- WHAT IS REQUIRED
Only the lines of the data below from the one with "Când reportofonul digital" through the one with "Couverts en acier" are wanted. Repeat them exactly.

- INPUT DATA

Segment Open

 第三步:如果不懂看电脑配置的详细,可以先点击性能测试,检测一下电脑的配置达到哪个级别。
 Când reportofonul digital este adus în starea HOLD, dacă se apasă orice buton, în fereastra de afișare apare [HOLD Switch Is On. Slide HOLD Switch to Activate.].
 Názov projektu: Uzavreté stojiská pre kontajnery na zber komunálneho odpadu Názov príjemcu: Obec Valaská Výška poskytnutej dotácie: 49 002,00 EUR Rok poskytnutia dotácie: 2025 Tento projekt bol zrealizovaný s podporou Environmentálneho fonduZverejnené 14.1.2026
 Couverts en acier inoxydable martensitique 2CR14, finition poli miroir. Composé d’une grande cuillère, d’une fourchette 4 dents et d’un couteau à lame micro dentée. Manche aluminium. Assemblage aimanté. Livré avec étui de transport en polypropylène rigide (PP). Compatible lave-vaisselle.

Segment Closed
Segment Open

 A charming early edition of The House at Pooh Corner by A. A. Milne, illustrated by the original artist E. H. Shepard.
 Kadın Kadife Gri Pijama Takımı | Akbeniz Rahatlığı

Segment Closed

- YOUR RESPONSE
 Când reportofonul digital este adus în starea HOLD, dacă se apasă orice buton, în fereastra de afișare apare [HOLD Switch Is On. Slide HOLD Switch to Activate.].
 Názov projektu: Uzavreté stojiská pre kontajnery na zber komunálneho odpadu Názov príjemcu: Obec Valaská Výška poskytnutej dotácie: 49 002,00 EUR Rok poskytnutia dotácie: 2025 Tento projekt bol zrealizovaný s podporou Environmentálneho fonduZverejnené 14.1.2026
 Couverts en acier inoxydable martensitique 2CR14, finition poli miroir. Composé d’une grande cuillère, d’une fourchette 4 dents et d’un couteau à lame micro dentée. Manche aluminium. Assemblage aimanté. Livré avec étui de transport en polypropylène rigide (PP). Compatible lave-vaisselle.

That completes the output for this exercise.